Pastéis de Belém. Tego musisz spróbować, będąc w Lizbonie
Czy można wyobrazić sobie pyszniejsze poznawanie regionu niż kosztowanie przysmaków, których receptura jest niezmieniona od setek lat? Po słodkości z lizbońskiej cukierni kolejki turystów i lizbończyków ustawiają się od samego rana! Wśród nich ja.
Pastéis de nata to słodkie "kubeczki" z francuskiego ciasta wypełnione budyniowym kremem. Można je znaleźć w każdej z licznych cukierni w stolicy Portugalii. Ale mówi się, że tylko jedne są prawdziwe i nazywają się tak jak miejsce, które je produkuje i sprzedaje: Pastéis de Belém.
W kolejce po Pastéis de Belém
Przed tą słynną cukiernią z długoletnią tradycją ustawiają się kolejki od wczesnego rana do późnego wieczora. W czym tkwi ich sekret? Niestety odpowiedź jest ściśle strzeżoną tajemnicą, którą znają jedynie cztery osoby.
Receptura, która nie zmieniła się od niemal 200 lat, została stworzona przez mnichów z zakonu hieronimitów. Produkcja słodkości była dla nich sposobem na zarobek, a legendarny smak łakoci szybko zyskał sławę.
W Pastéis de Belém zatrudnionych jest ok. 150 osób. By wykonywać słynne słodkości, trzeba przejść specjalne szkolenie. Dziennie cukiernia wyrabia tysiące wypieków, a jeśli zdarzy się sytuacja, że nie wszystkie zostaną sprzedane - oddaje je potrzebującym. Do sprzedaży trafiają wyroby jedynie z bieżącego dnia. Cukiernia otwarta jest codziennie przez cały rok, dopiero pandemia zmusiła właścicieli do zamknięcia produkcji na miesiąc.

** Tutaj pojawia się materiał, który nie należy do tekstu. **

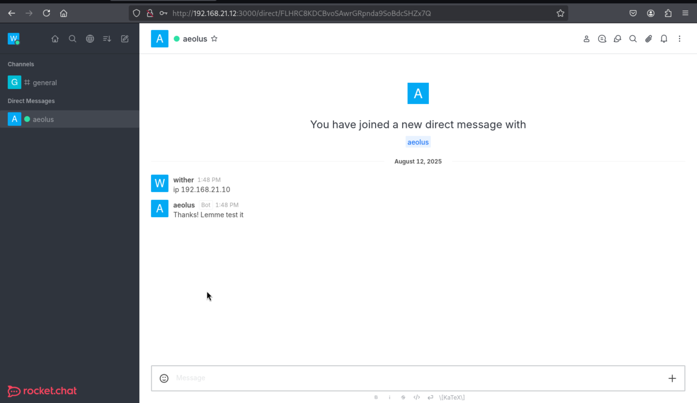Once created, we send it to 192.168.21.11, the program running on port 3000 in the script we saw earlier.
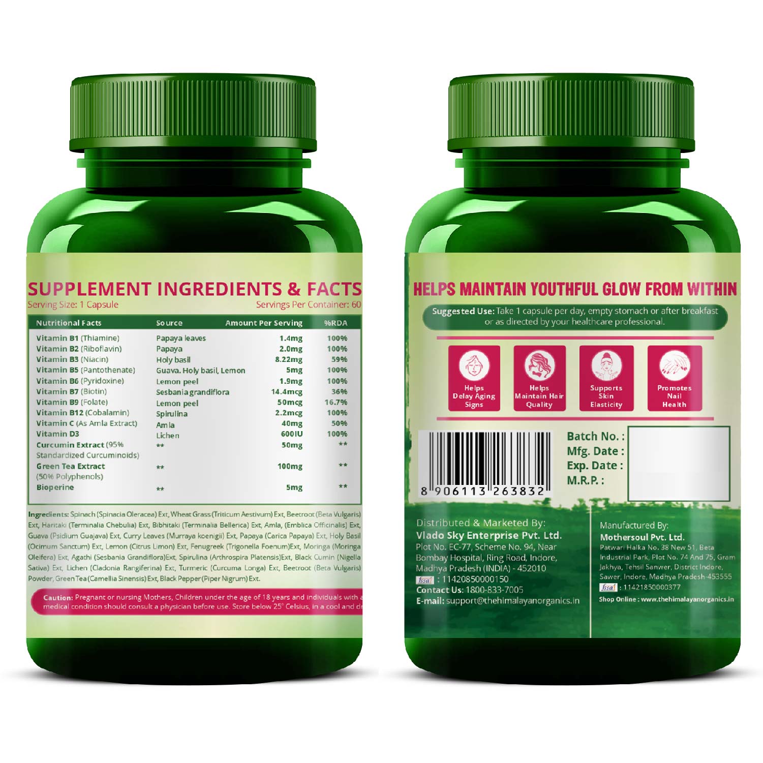 Boost collagen synthesis with Himalayan Organics Plant-based Collagen capsules, an all healthy and natural formula. Your body needs to ensure a healthy balance of collagen as it is the structural protein found in the countless connective tissues in your body. In fact, it is the building block of your body. Made with the goodness of various ingredients like Sea buckthorn, Green Amla, Sesbania Grandiflora, Acai Berry, Spirulina, Green tea, Guava, Pomegranate, and more, these capsules assist in ensuring a healthy structure, promotes glowing skin, strengthens bones, and promotes muscle health. Level up with 15X power!
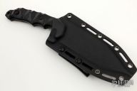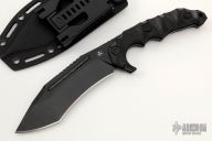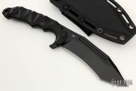 This knife by Lotar Combat features a black recurve blade with a notched thumbrest and full tang construction.  .241"Blade Stock. 1.53" Blade Depth.  The handle has contoured black G-10 scales.  Includes a black kydex sheath.  Excellent Condition.
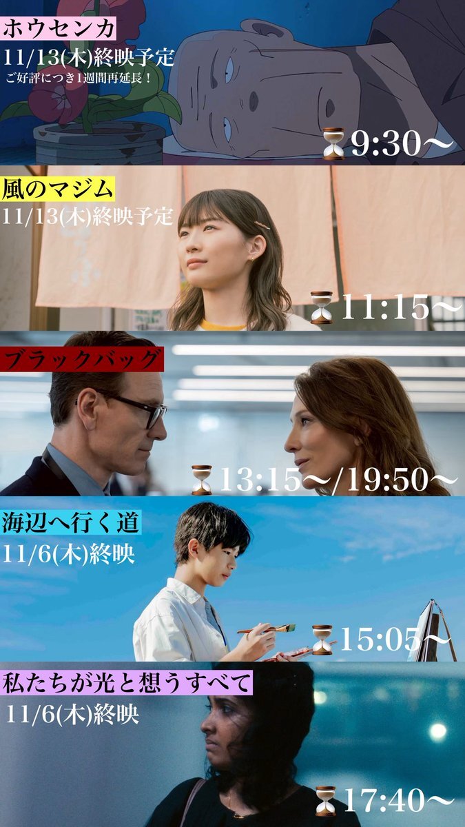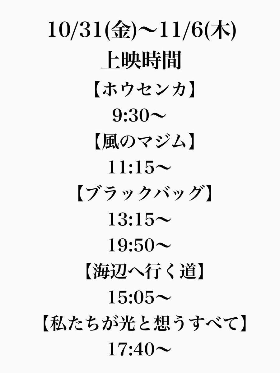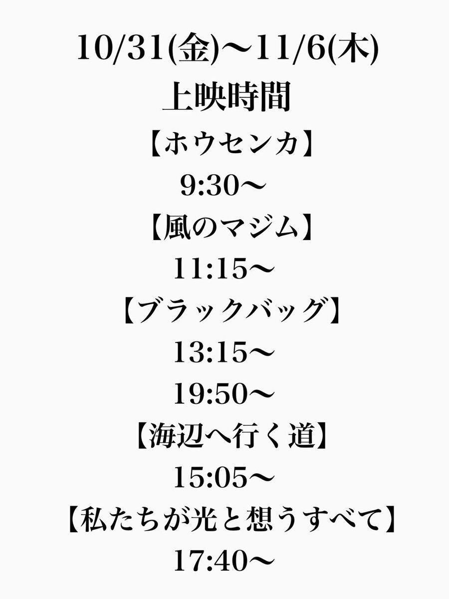 10/31(金)〜11/6(木)の 上映スケジュールはこちらです💁♀️ 明日からはいよいよ 『#ブラックバッグ』 の上映がスタート🔫 🎞️11/6(木)終映予定🎞️ 『#ホウセンカ』 ご好評につき延長上映❣️ 『#私たちが光と想うすべて』 🎞️次週以降の上映有無未定🎞️ 『#風のマジム』 『#海辺へ行く道』 お見逃しなく💨 pic.x.com/exmowYb8ea
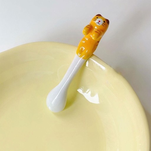 Zwierzęta kreskówkowe Wiszące łyżki Ceramiczna łyżka dla kota do restauracji Wesele Żółty i biały
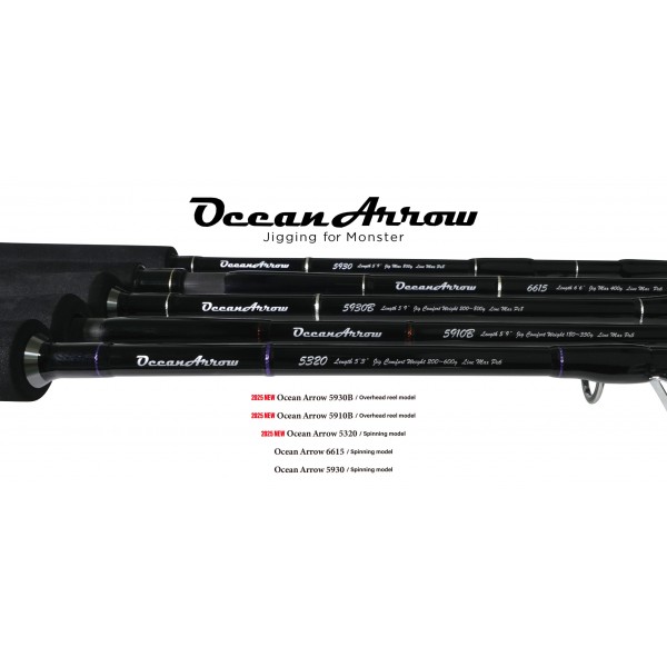 La serie Ocean Arrow está diseñada para el jigging de grandes especies en cualquier parte del mundo. En el jigging, es fundamental poder maniobrar el jig de forma eficaz para inducir la picada. Sin embargo, cuando se trata de especies de gran tamaño, no solo es necesario provocar la picada mediante el control del jig, sino también resistir su fuerza y levantar a estos monstruosos ejemplares desde las profundidades.
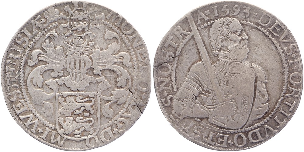 Gehelmde rijksdaalder of prinsendaalder 1593. Delm. 923; CNM 2.46.28; HPM 24. Zeer fraai.
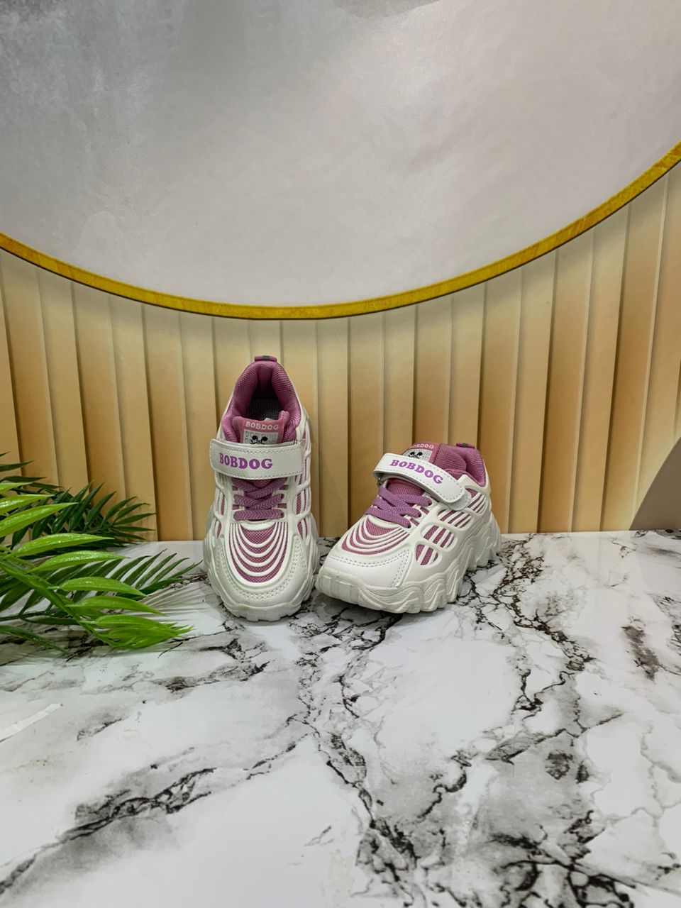 - Pink children's sneakers with Velcro
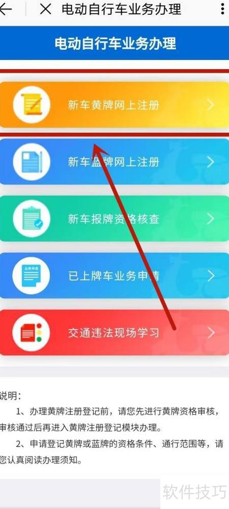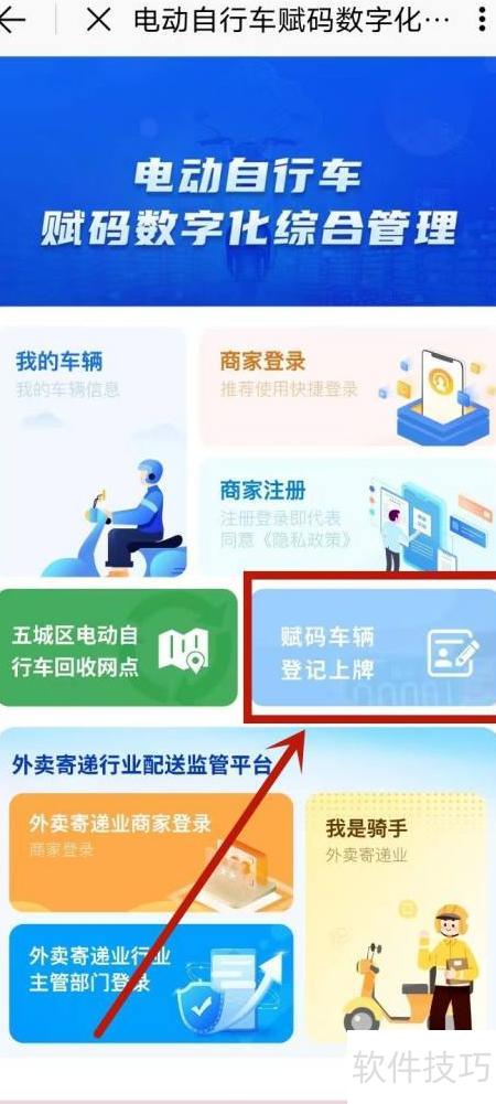 2、 进入电动车服务页面,选择扫码登记上牌。
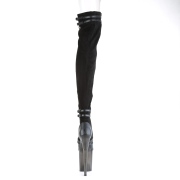 Pleaser - FLAM3027/BFS-PU/B - 8" (200mm) heel, 4" (100mm) black tinted platform heel, open toe overknee lace-up boots high heels with acrylic glass platform, thigh and ankle decorated with two adjustable ankle straps and buckle closures. Extreme platform overknees with laces on the entire boot shaft, closed heel at the back, open toe at the front. The footbed is padded with an insole for high wearing comfort. Platform overknee boots for women, lacing strip, heel cap and straps made of vinyl strips. Black upper made of vegan synthetic suede. Zipper is on the side over the entire shaft height. Perfect pole dance boots, exotic GoGo dance boots! Pleaser overknees are made with love...
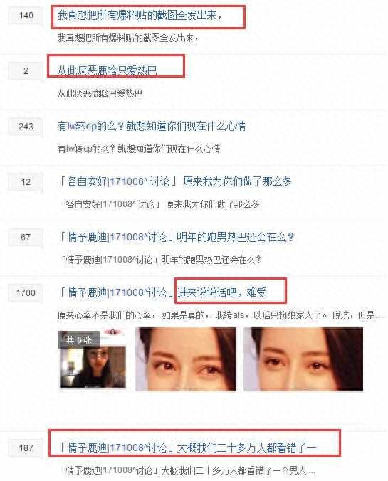专门为鹿晗和迪丽热巴建立的百度贴吧——陆地夫妇吧简直可以说是哀鸿遍野。先看看曾经鹿晗这眼神就知道网友为何反映如此强烈了。有网友说“当热巴被全世界骂倒贴鹿晗的时候,鹿晗在跟关晓彤甜蜜的恋爱”,“如果深爱一个人是不会置她于不顾,让她独自背负万千网友的指责”,热巴代班babay加入奔跑吧兄弟,在节目中与鹿晗互动较多,两人不论是深情对望,还是温暖摸头杀,慢慢的cp感,因为鹿晗的超高人气,迪丽热巴因此而受到了很多女粉丝的非议,但是也有很多粉丝坚定的站鹿迪夫妇。
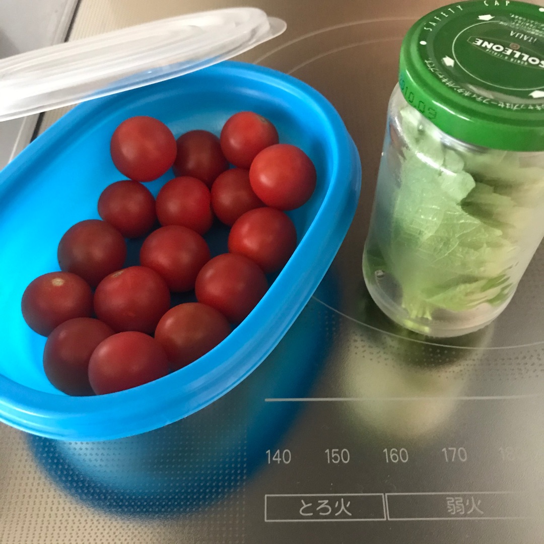 下ごしらえというほどでもないけど、プチトマトと大葉はこんな感じ。
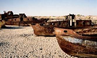 20世纪中叶,前苏联工程师在流入咸海的河上筑坝,使咸海几乎消失,取而代之的是含盐量高、满是灰尘的荒地和被遗弃的渔船。该地区的水产捕捞业已经逐步萎缩,很多人失去了生计来源,而风尘也在威胁着人们的健康。
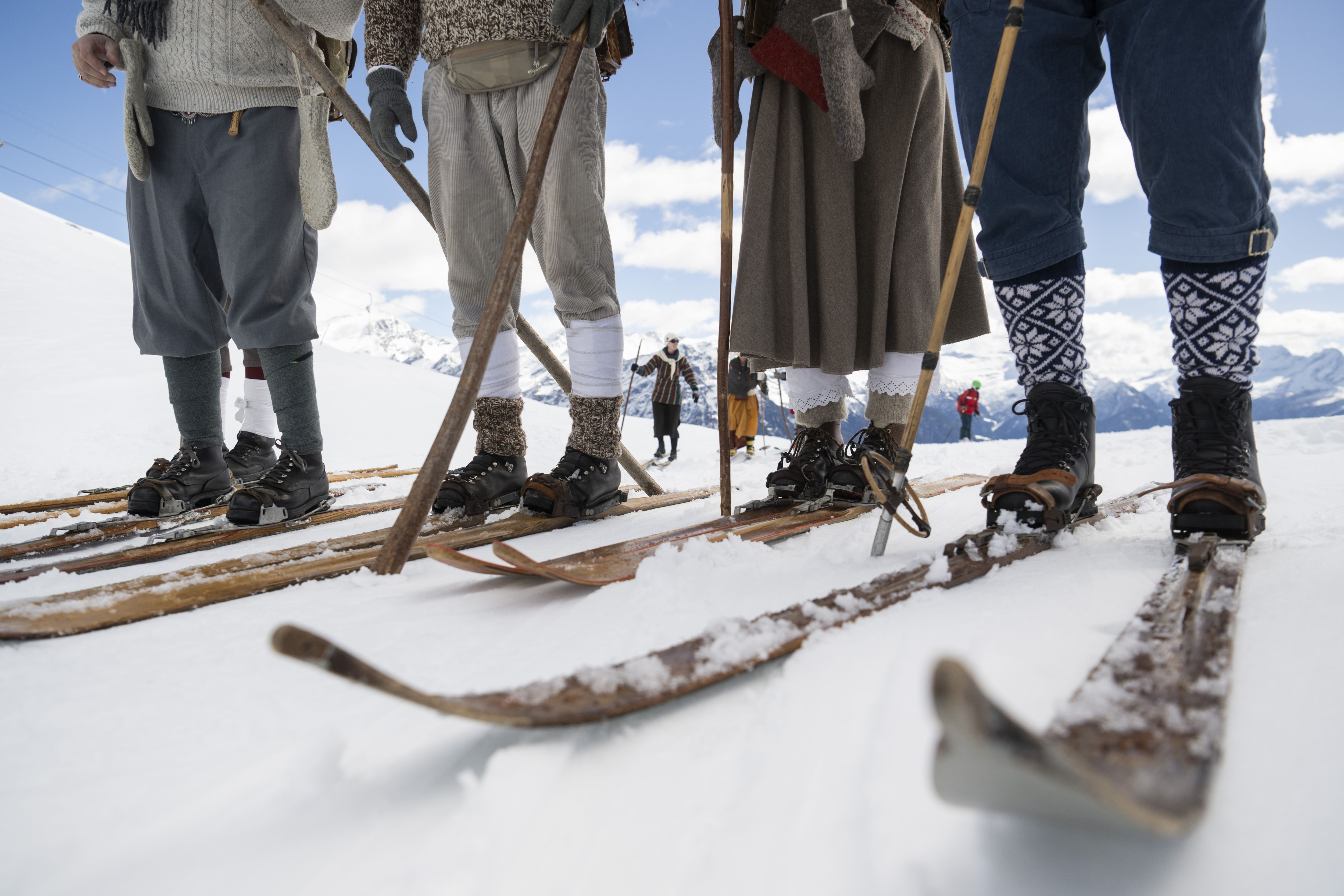 Skiers in historical costumes on old wooden skis on the slope take part in Telemarkada in the small Ticino ski resort of Nara in Leontica in the Blenio Valley, Switzerland, 16 March 2024. The Telemarkada has been held in the Blenio Valley for several years at the end of the season. (Photo by Alessandro Crinari/TI-Press via EPA/EFE)
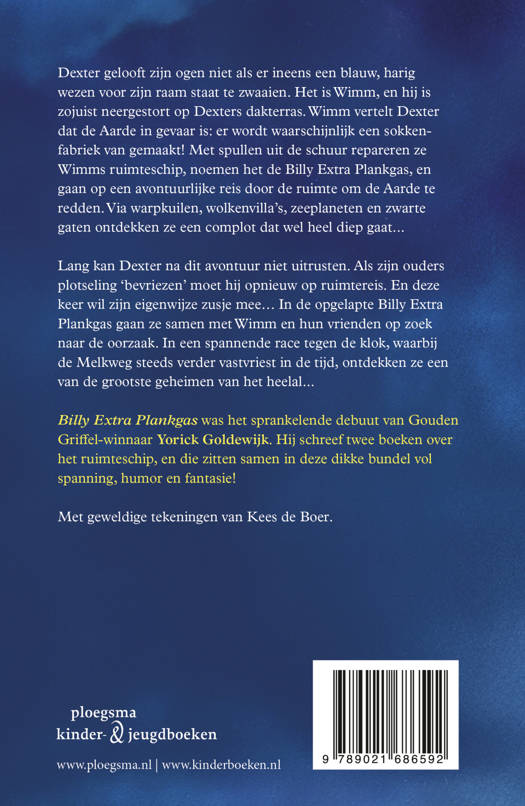 Billy Extra Plankgas was het sprankelende debuut van Gouden Griffel-winnaar Yorick Goldewijk. Hij schreef twee boeken over het ruimteschip, en die zitten samen in deze dikke bundel vol spanning, humor en fantasie!
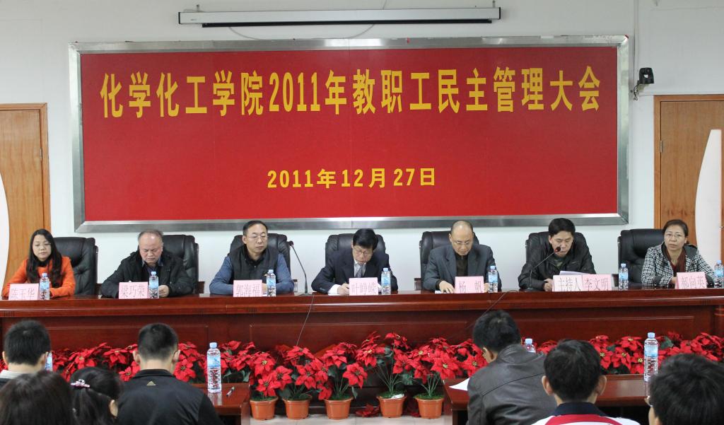 12月27日下午,公司教职工民主管理大会在公司行政楼二楼会议厅隆重召开。出席本次会议的领导有:公司党委副书记叶峥嵘、校工会副主席杨帆、员工处副处长杨雪梅、经理郭海福,党委书记李文明,副经理梁巧荣、郝向英及副书记陈玉华。

- Mleko, jajka, mąka, cukier, masło i... sekretny składnik - słyszę w Pastéis de Belém, gdy pytam o to, jak przyrządza się te babeczki.
Ile kosztuje Pastéis de Belém?
Koszt jednej to 1,15 euro, ale nie ma mowy, by ktoś skończył na jednej sztuce. W przestronnych wnętrzach legendarnej cukierni może usiąść nawet 400 osób, a i tak trudno nam znaleźć wolny stolik w słoneczne popołudnie.
Do pastéis warto zamówić aromatyczną kawę lub kieliszek dobrego porto. Przepyszne babeczki dodatkowo posypuje się cynamonem i cukrem pudrem (właśnie w tej kolejności!).
Cukiernia sprzedaje zapakowane jeszcze ciepłe pastéis na wynos, ale nic nie przebije ich smaku, gdy są kosztowane tam, w tym pięknym miejscu pełnym ducha Lizbony.